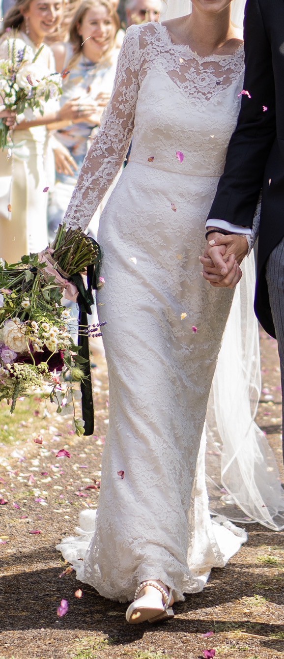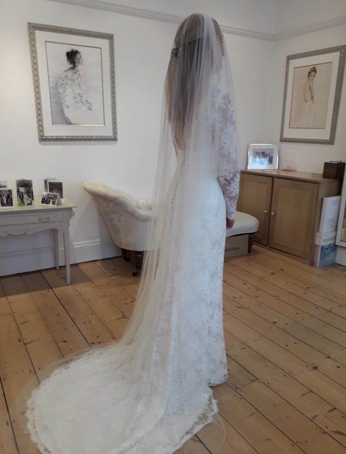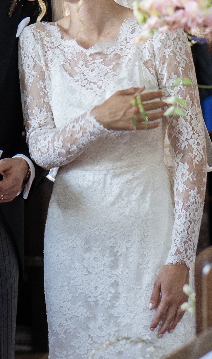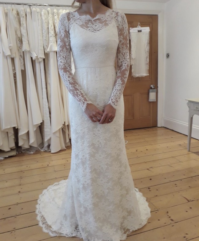 I am selling my stunning Honeysuckle wedding dress so another bride can enjoy it. The gown is light, elegant, and timeless, crafted entirely from delicate Chantilly lace. It features long lace sleeves, a sheer lace back, and a beautiful sweeping train that flows effortlessly behind.
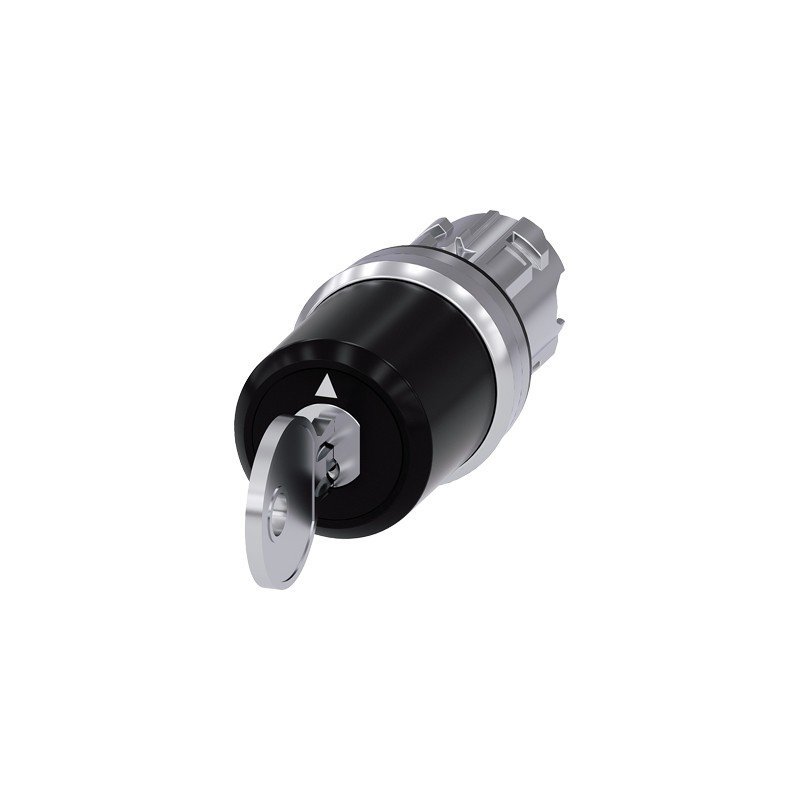 key-operated switch CES, 22 mm, round, metal, shiny, lock number SSG10, with 2 keys, 3 switch positions I-O-II, latching, actuating angle 2×45, 10:30h 12h 13:30h, Key removal I+II–3SU1050-5BL41-0AA0
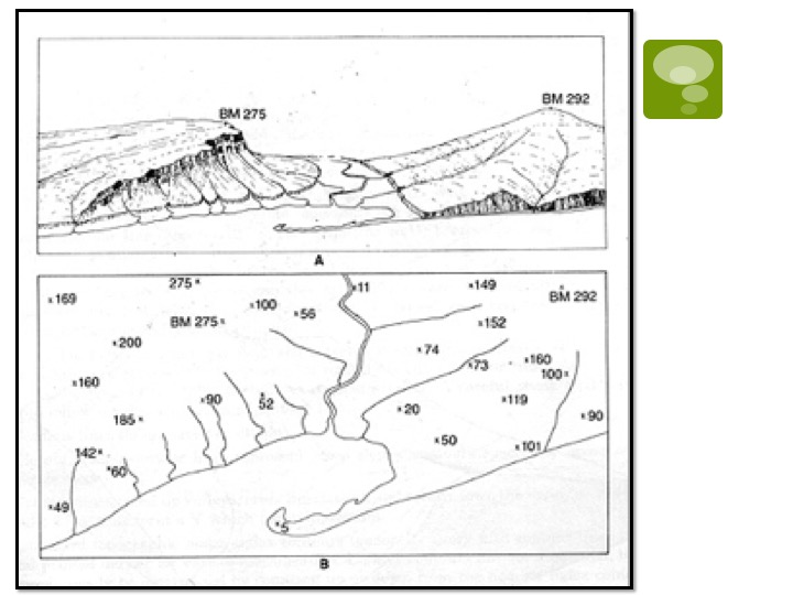 Thus when you go to read a map, when the lines are spaced close together, that means there is a rapid change in altitude indicating a greater percentage of slope. This affects how water flows as the steeper the hillside the more likely we are to have erosion. Also it changes our earthworks capabilities as you move up in steepness swales are not possible and then we need to go to terracing when such earthworks are really needed. If contour lines are spaced really far apart when you have say an accuracy of two foot (60 cm) then the land is quite gentle and approaching flat. Also when reading such maps it can take some time to see where there are valleys and where there are ridges and their relationship in terms of size in the landscape. You can always find valleys through looking at the contour lines and seeing the way in which they point in terms of the contour lines changing in altitude. If they point towards a higher number, say 520 feet above sea level pointing towards 540 feet, then you know it is a valley. It’s the opposite with the ridge with it pointing down towards 500. Take the test below and see if you can use this knowledge to match the numbers with the appropriate letters on the corresponding landscapes. So the contour lines help you decide which landscape is which.
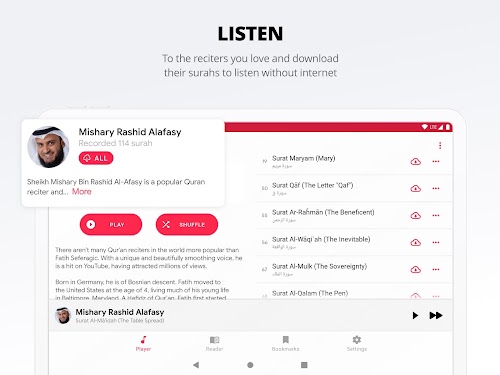Download mp3 Quran Pro today and listen to reciters Rahman or Abdul Basit, full Quran mp3 offline. Join millions of Muslims worldwide in connecting with the Holy Quran Majeed.
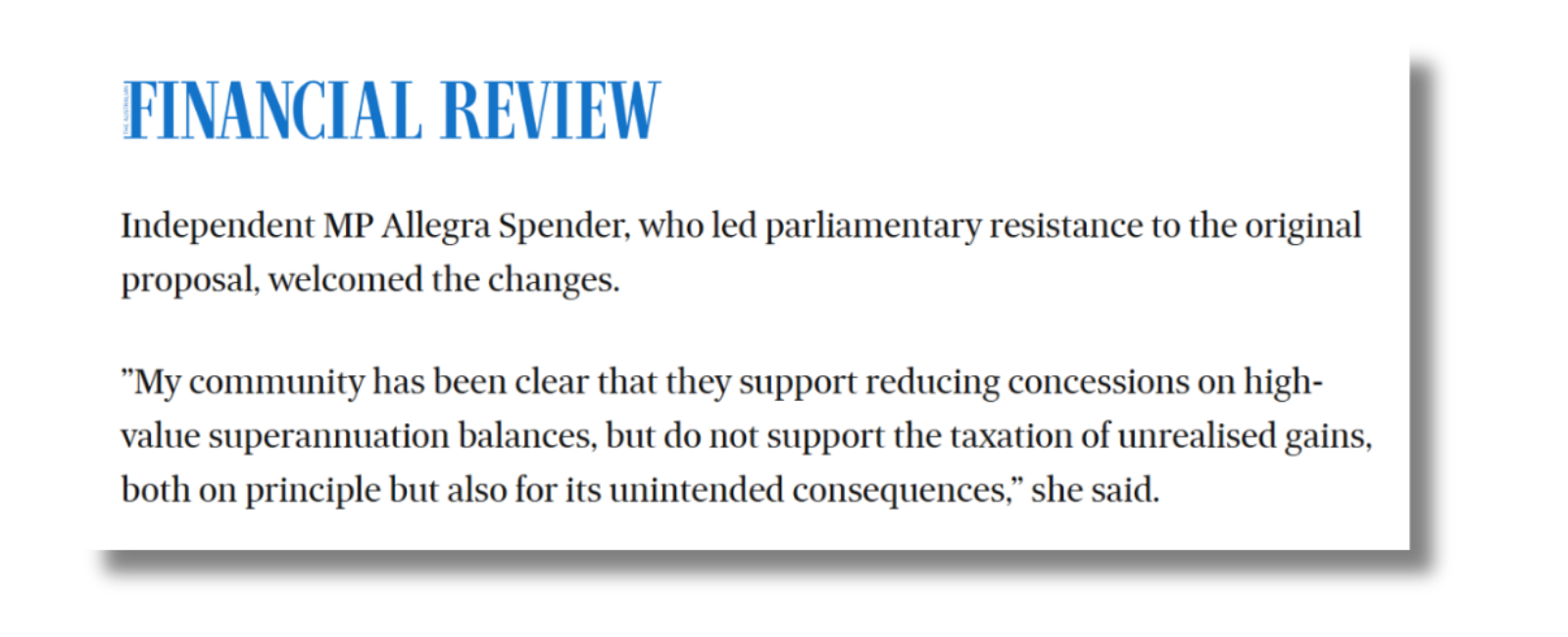 A community win on superannuation tax reform
__________
Work request: Without including any image, reproduce the full listing above as written.

Written reply:
 I am selling my stunning Honeysuckle wedding dress so another bride can enjoy it. The gown is light, elegant, and timeless, crafted entirely from delicate Chantilly lace. It features long lace sleeves, a sheer lace back, and a beautiful sweeping train that flows effortlessly behind.
 key-operated switch CES, 22 mm, round, metal, shiny, lock number SSG10, with 2 keys, 3 switch positions I-O-II, latching, actuating angle 2×45, 10:30h 12h 13:30h, Key removal I+II–3SU1050-5BL41-0AA0
 Thus when you go to read a map, when the lines are spaced close together, that means there is a rapid change in altitude indicating a greater percentage of slope. This affects how water flows as the steeper the hillside the more likely we are to have erosion. Also it changes our earthworks capabilities as you move up in steepness swales are not possible and then we need to go to terracing when such earthworks are really needed. If contour lines are spaced really far apart when you have say an accuracy of two foot (60 cm) then the land is quite gentle and approaching flat. Also when reading such maps it can take some time to see where there are valleys and where there are ridges and their relationship in terms of size in the landscape. You can always find valleys through looking at the contour lines and seeing the way in which they point in terms of the contour lines changing in altitude. If they point towards a higher number, say 520 feet above sea level pointing towards 540 feet, then you know it is a valley. It’s the opposite with the ridge with it pointing down towards 500. Take the test below and see if you can use this knowledge to match the numbers with the appropriate letters on the corresponding landscapes. So the contour lines help you decide which landscape is which.
Download mp3 Quran Pro today and listen to reciters Rahman or Abdul Basit, full Quran mp3 offline. Join millions of Muslims worldwide in connecting with the Holy Quran Majeed.
 A community win on superannuation tax reform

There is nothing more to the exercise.